* [Problem requirements]:
An exact copy of all records is expected, minus the images.

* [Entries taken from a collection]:
Segment Open

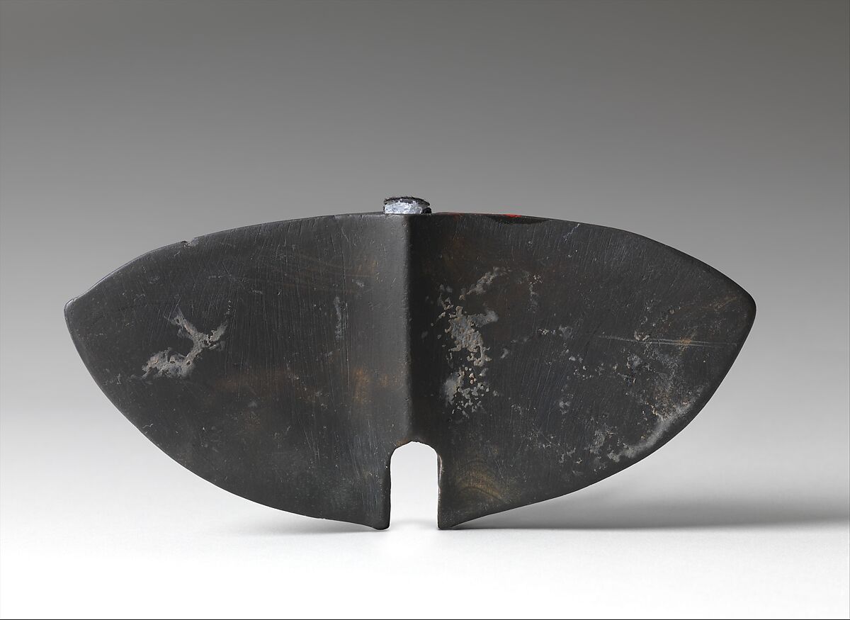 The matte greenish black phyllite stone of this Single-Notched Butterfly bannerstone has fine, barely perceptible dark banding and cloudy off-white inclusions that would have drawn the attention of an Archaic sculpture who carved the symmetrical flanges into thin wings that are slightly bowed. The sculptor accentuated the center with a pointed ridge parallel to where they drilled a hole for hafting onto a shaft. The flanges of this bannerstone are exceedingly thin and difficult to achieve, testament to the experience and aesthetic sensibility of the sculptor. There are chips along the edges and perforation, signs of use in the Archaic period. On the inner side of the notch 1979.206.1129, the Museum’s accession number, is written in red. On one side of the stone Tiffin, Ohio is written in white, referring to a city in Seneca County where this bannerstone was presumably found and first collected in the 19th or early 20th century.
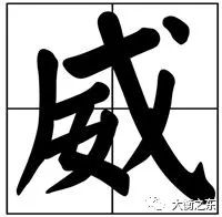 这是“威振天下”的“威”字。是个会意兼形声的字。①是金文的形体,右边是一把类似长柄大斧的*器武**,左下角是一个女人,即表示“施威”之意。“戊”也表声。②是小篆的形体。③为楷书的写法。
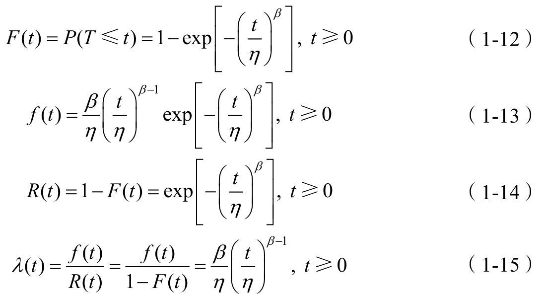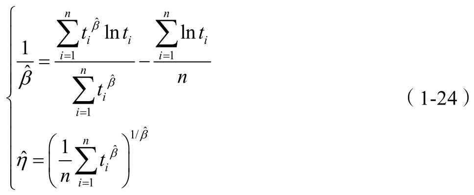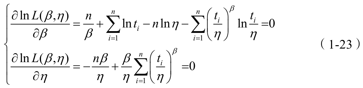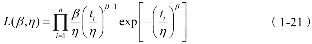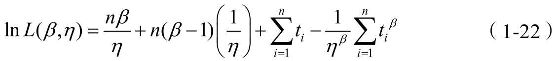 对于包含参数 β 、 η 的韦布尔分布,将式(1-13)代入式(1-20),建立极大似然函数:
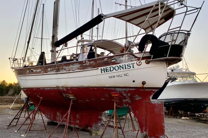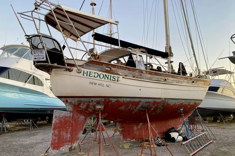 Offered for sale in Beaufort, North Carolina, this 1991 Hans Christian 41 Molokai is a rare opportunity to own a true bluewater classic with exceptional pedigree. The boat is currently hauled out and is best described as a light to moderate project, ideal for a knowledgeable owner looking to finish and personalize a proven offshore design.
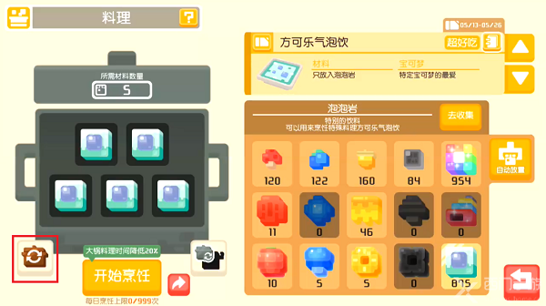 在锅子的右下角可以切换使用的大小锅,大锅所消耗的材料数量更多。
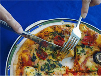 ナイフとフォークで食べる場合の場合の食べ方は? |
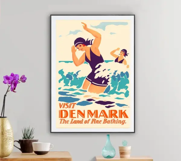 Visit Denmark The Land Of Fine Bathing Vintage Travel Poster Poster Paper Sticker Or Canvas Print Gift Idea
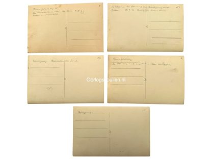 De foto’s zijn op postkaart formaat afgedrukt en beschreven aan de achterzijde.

Segment Closed

* [Answer to this problem]:
 The matte greenish black phyllite stone of this Single-Notched Butterfly bannerstone has fine, barely perceptible dark banding and cloudy off-white inclusions that would have drawn the attention of an Archaic sculpture who carved the symmetrical flanges into thin wings that are slightly bowed. The sculptor accentuated the center with a pointed ridge parallel to where they drilled a hole for hafting onto a shaft. The flanges of this bannerstone are exceedingly thin and difficult to achieve, testament to the experience and aesthetic sensibility of the sculptor. There are chips along the edges and perforation, signs of use in the Archaic period. On the inner side of the notch 1979.206.1129, the Museum’s accession number, is written in red. On one side of the stone Tiffin, Ohio is written in white, referring to a city in Seneca County where this bannerstone was presumably found and first collected in the 19th or early 20th century.
 这是“威振天下”的“威”字。是个会意兼形声的字。①是金文的形体,右边是一把类似长柄大斧的*器武**,左下角是一个女人,即表示“施威”之意。“戊”也表声。②是小篆的形体。③为楷书的写法。
 对于包含参数 β 、 η 的韦布尔分布,将式(1-13)代入式(1-20),建立极大似然函数:
 Offered for sale in Beaufort, North Carolina, this 1991 Hans Christian 41 Molokai is a rare opportunity to own a true bluewater classic with exceptional pedigree. The boat is currently hauled out and is best described as a light to moderate project, ideal for a knowledgeable owner looking to finish and personalize a proven offshore design.
 在锅子的右下角可以切换使用的大小锅,大锅所消耗的材料数量更多。
 ナイフとフォークで食べる場合の場合の食べ方は? |
 Visit Denmark The Land Of Fine Bathing Vintage Travel Poster Poster Paper Sticker Or Canvas Print Gift Idea
 De foto’s zijn op postkaart formaat afgedrukt en beschreven aan de achterzijde.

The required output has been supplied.